Practical Next Steps

After understanding why the outcome-based model is important, there are several decisions to make now. First, determine the primary outcome for each priority workflow. Don't start from a list of tasks that can be automated. Start from the results you want to improve: resolution time, accuracy, compliance, service level, or decision quality.

Second, review your chargeback models, pricing, or business cases. If services are still measured primarily by FTE and effort, decide which outcome metrics you will start using for shared services, GCCs, tech services, or vendor-managed services.

Third, explicitly define decision rights. Differentiate between the business owner, agent owner, and risk owner. Ensure it is clear who owns the outcome, who manages agent performance, and who sets the guardrails.

Fourth, build stage gates for your agentic portfolio. Every use case must have criteria for proceeding, redesigning, or stopping. Don't let all pilots run indefinitely without a decision.

Fifth, change the focus of review forums from activity to outcome. In steering committees or operating reviews, reduce the focus on the number of automations and hours saved. Increase the focus on quality, resolution, trust, risk, and economics per outcome.

Several warning signs need attention.
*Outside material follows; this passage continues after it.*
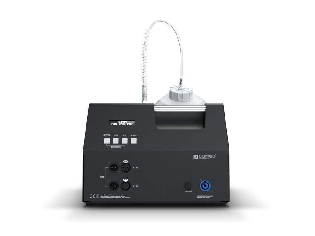INSTANT FOG 1700 PRO jest sterowany za pomocą DMX w trybie 3-kanałowym lub za pomocą czytelnego, o wysokim kontraście wyświetlacza LCD 16 x 2 i czterech przycisków. Zapewnia zarówno 3-pinowe, jak i 5-pinowe wejścia i wyjścia DMX oraz złącza kompatybilne z powerCON. Wygodna funkcja automatycznego wyłączania zapobiega uszkodzeniu pompy, gdy zbiornik na płyn jest pusty. Wytwornica dymu jest dostarczana z adapterem węża 100 mm, jeśli chcesz odprowadzać dym z urządzenia w inne miejsce. Opcjonalne akcesoria obejmują unikalny zestaw do podwieszania, uchwyt w kształcie litery U i miskę ociekową, które można zamontować bez użycia narzędzi. INSTANT FOG 1700 PRO jest wszechstronny i przyjazny dla użytkownika, dzięki czemu idealnie nadaje się do występów na żywo, dyskotek i teatrów, a także do kamer lub wypożyczalni.

The AI program is still justified primarily by headcount or hours reduction. Use cases are chosen because they are easy to demo, not because their business outcome is important. There is no clear owner for the outcome, agent performance, and risk. Agent failures are always discussed generically without root cause analysis. Vendors or internal teams are still measured almost entirely by effort, not service results. The portfolio is full of pilots, but there are few decisive actions to scale, redesign, or stop. The governance board only looks at technology adoption, not outcome quality and controls. The organization is not yet ready to accept that some activities should be eliminated, not automated.

If tomorrow most of the routine activities in your function were taken over by agents, would your management model still make sense? Or are you still managing the company based on headcount and hours worked, rather than on the service outcomes truly being created?

That is the core question of the outcome-based operating model. In the agentic enterprise, the winning company is not the one that automates activities the fastest, but the one that manages results with the most discipline.